Participation Criteria

Researchers look for people who fit a certain description, called eligibility criteria. Some examples of these criteria are a person's general health condition or prior treatments.

Eligibility Criteria

Ages Eligible for Study

18 years and older (Adult, Older Adult)

Accepts Healthy Volunteers

No

Description

Inclusion Criteria:

  • Histologically or cytologically confirmed ES-SCLC (per the Veterans Administration Lung Study Group [VALG] staging system)
  • No prior systemic treatment for ES-SCLC
  • Eastern Cooperative Oncology Group performance status of 0 or 1
  • Measurable disease, as defined by RECIST v1.1
  • Adequate hematologic and end organ function
  • Treatment-free for at least 6 months since last chemo/radiotherapy, among those treated (with curative intent) with prior chemo/radiotherapy for limited-stage SCLC

Exclusion Criteria:

  • Active or untreated central nervous system (CNS) metastases as determined by computed tomography (CT) or magnetic resonance imaging (MRI) evaluation
  • Malignancies other than SCLC within 5 years prior to randomization, with the exception of those with a negligible risk of metastasis or death treated with expected curative outcome
  • Pregnant or lactating women
  • History of autoimmune disease
  • History of idiopathic pulmonary fibrosis, organizing pneumonia, drug-induced pneumonitis, idiopathic pneumonitis, or evidence of active pneumonitis on screening chest CT scan.
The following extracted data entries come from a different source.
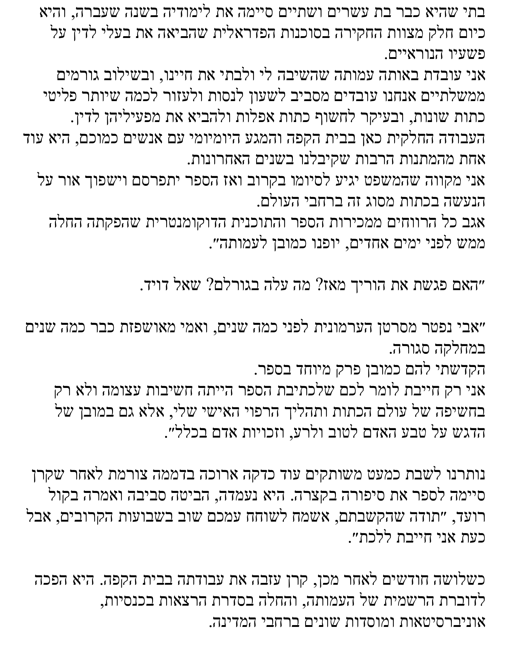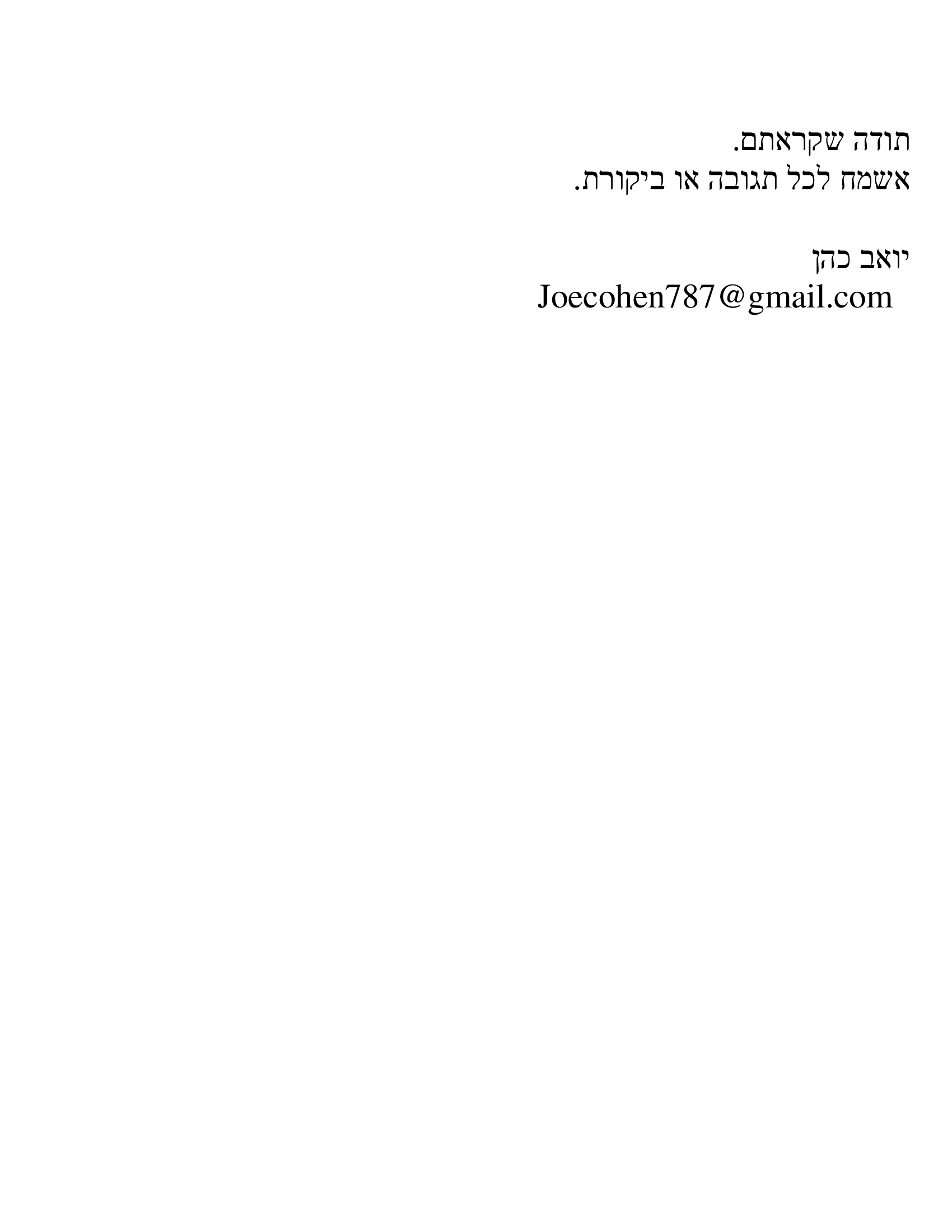 באפשרותך לכתוב כאן את תגובתך ליצירה שקראת. נא לשמור על שפה נאותה ומכובדת כדי שהנהלת האתר תאשר את פרסום תגובתך. כמו-כן ניתן לדרג את הנאתך מקריאת היצירה בין 1-5 כוכבים.
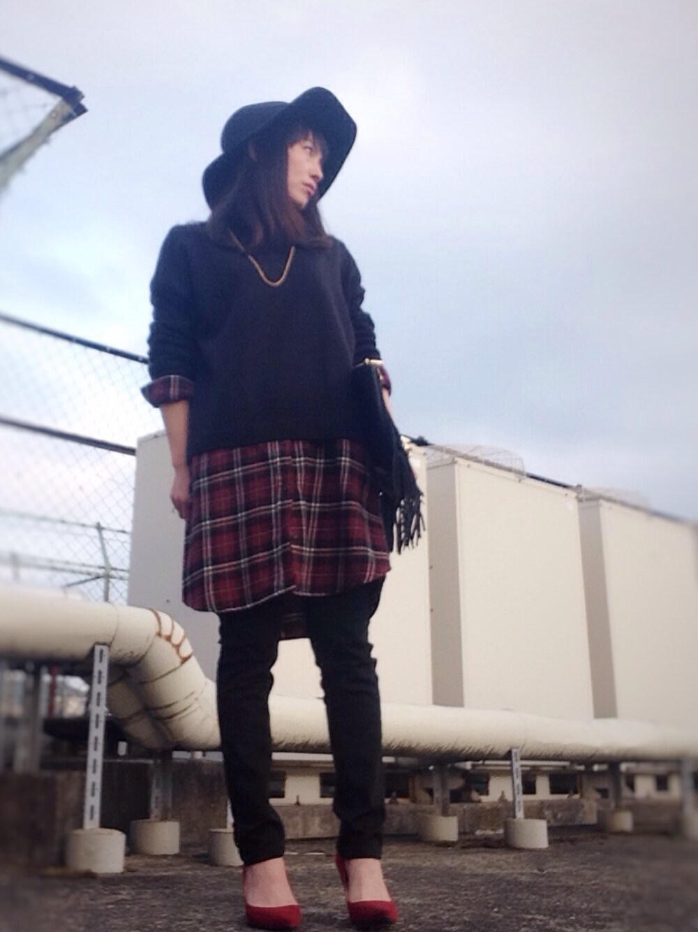 今日もGUアイテム満載です(*≧m≦) GUのツバ広中折れハットに ハイネックニットとシャツワンピのレイヤードスタイルにしました♪ 赤系のパンプスって意外と使えて お気に入りです❤️ 今日も見ていただきありがとうございます«٩(*´ω`*)۶» 皆様良い週末をー♪
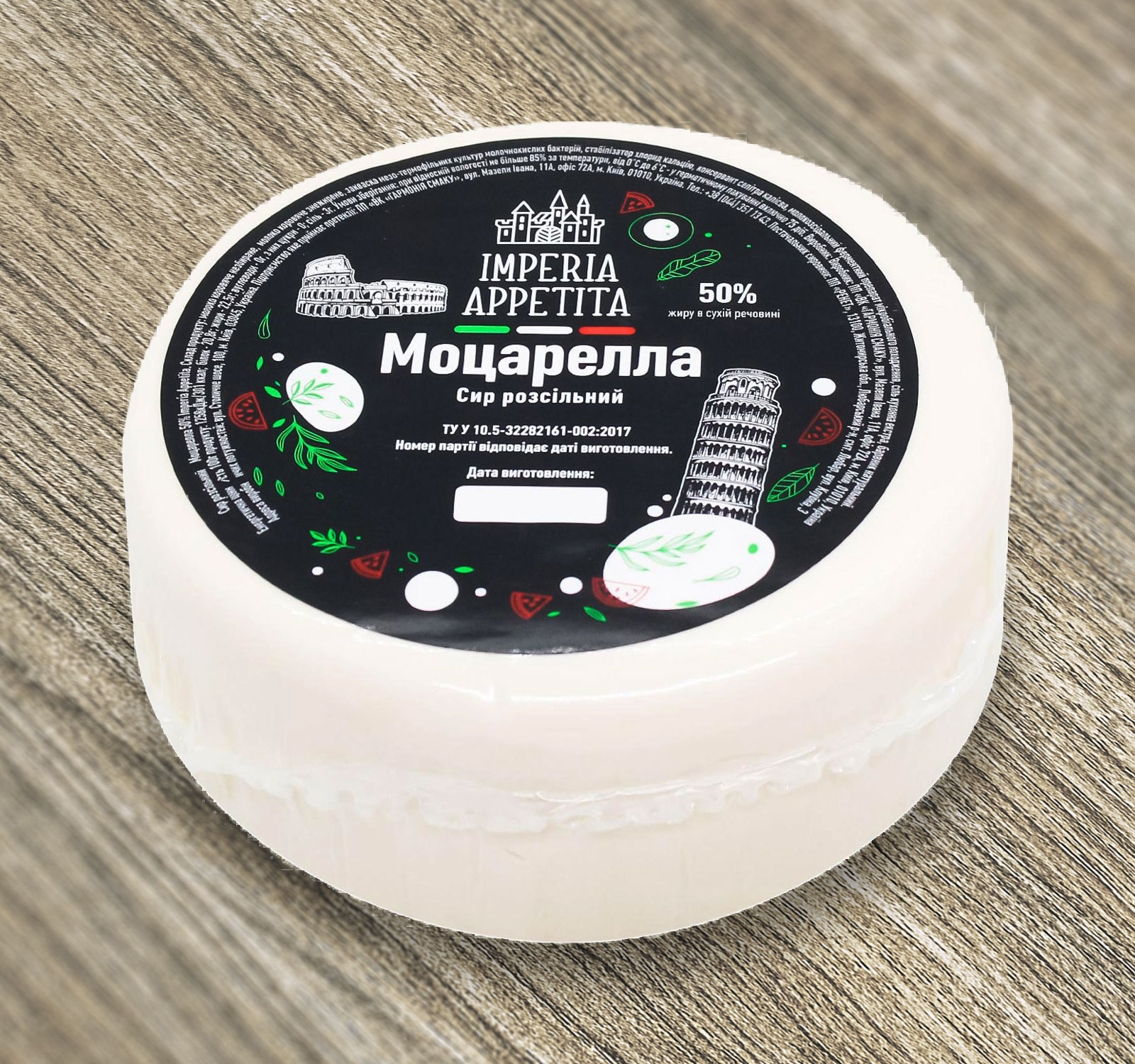 В нижній частині упаковки розміщене апетитне фото продукції, що передає свіжість, ніжну текстуру та натуральність сиру — головні характеристики справжньої моцарели.
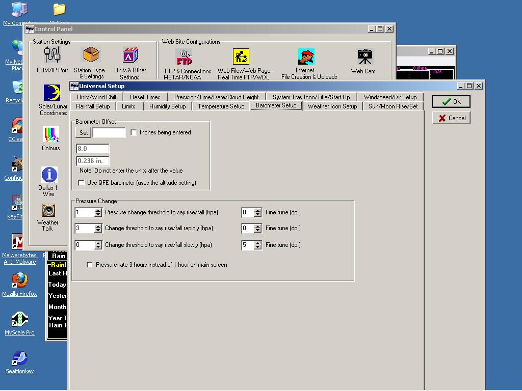 Second one down, Barometer Offset. Type in the value you wish to alter your pressure reading by. In the attached below I increase my barometer current reading by 4.0. To decrease it I would have put -4.0
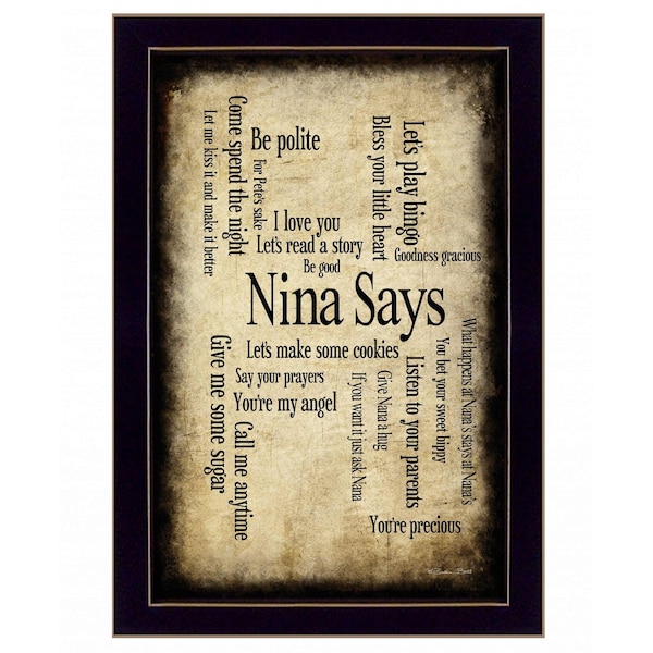 The nina says 4 black framed print wall art is the perfect decorative accessory for your home. This print is a visual artistic expression that allows you to decorate your space in style. Reproduced for you on paper, this hanging decorative accent will be a trendy and fashionable way to dress your walls. Adding this hanging wall art to your space to make your room feel more finished and attractive. Utilize this opportunity to create a focal point in the room with this fabulous wall decor option. 14-inch H x 10-inch W x 1-inch D
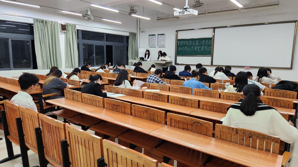 在新时代的征程上,中国共产党始终把党的建设新的伟大工程摆在重要位置。《中国共产党章程》是党的总章程,是党的根本大法,是全党必须遵循的总规矩。为进一步加强党的建设,增强同学们的党性修养,suncitygroup太阳新城学生第二党支部于2025年3月4日晚上7点在定静1C203教室开展2025年上半年党章考试工作。
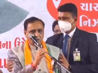 Rupani began to lose his stregnth further as he delivered his speech. A bodyguard who was standing behind tried to hold him but the CM collapsed surrounded by BJP leaders who had rushed to help.
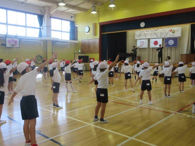 今日の学習 公開日 2025/10/08 更新日 2025/10/08 学校生活のようす 10月8日。3年生と4年生が、体育で表現運動に取り組んでいます。運動会に向けて、3・4年生が合同で発表する「よっちょれソーラン」の練習に取り組んでいました。
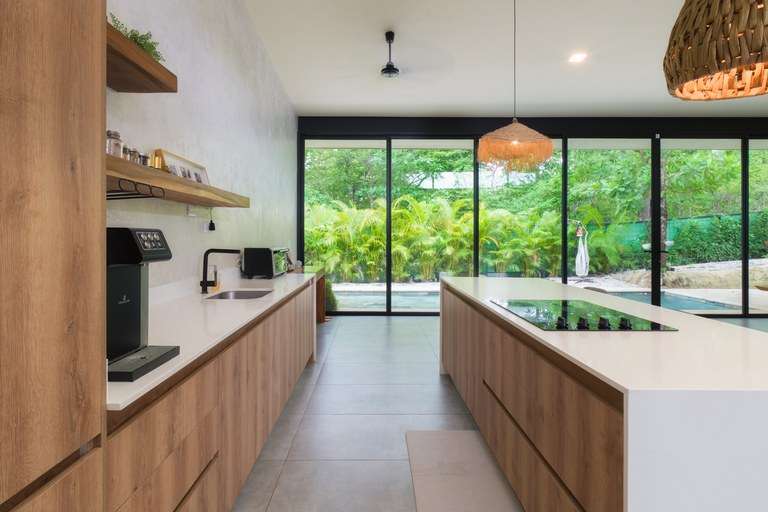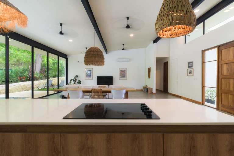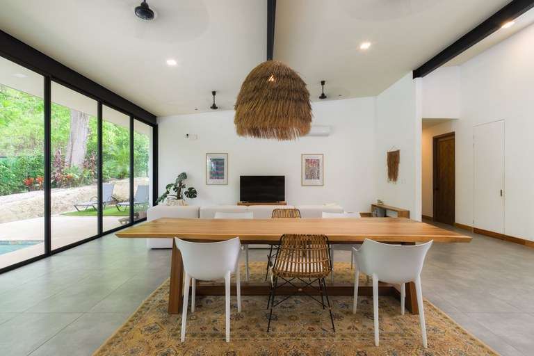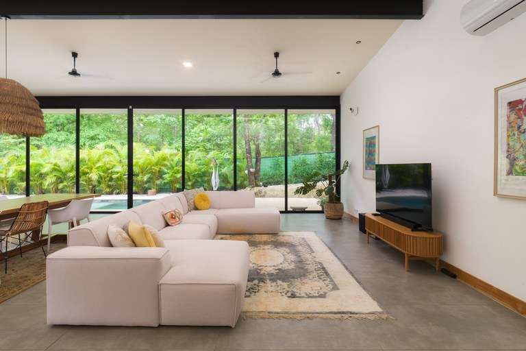 Set on an 817 m2 lot, the villa spans 340 m2 of living space, offering generous interiors and a seamless indoor-outdoor flow. The open-concept layout connects the living and dining areas to the outdoors through accordion-style sliding glass doors, leading to a sunlit terrace and an inviting beach-entry pool—perfect for lounging, entertaining, or safe play for children. Every detail of this home has been crafted for both comfort and ease of living, from the modern finishes to the private electric gate and convenient parking with direct access to the community's main road.

History of radiation pneumonitis in the radiation field (fibrosis) is permitted.
  • Positive test result for human immunodeficiency virus (HIV)
  • Active hepatitis B or hepatitis C
  • Severe infections at the time of randomization
  • Significant cardiovascular disease
  • Prior treatment with cluster of differentiation (CD) 137 agonists or immune checkpoint blockade therapies, anti-programmed death-1 (PD-1), and anti-PD-L1 therapeutic antibody
  • History of severe (or known) hypersensitivity to chimeric or humanized antibodies or fusion proteins or any component of atezolizumab formulation.

Study Plan

This section provides details of the study plan, including how the study is designed and what the study is measuring.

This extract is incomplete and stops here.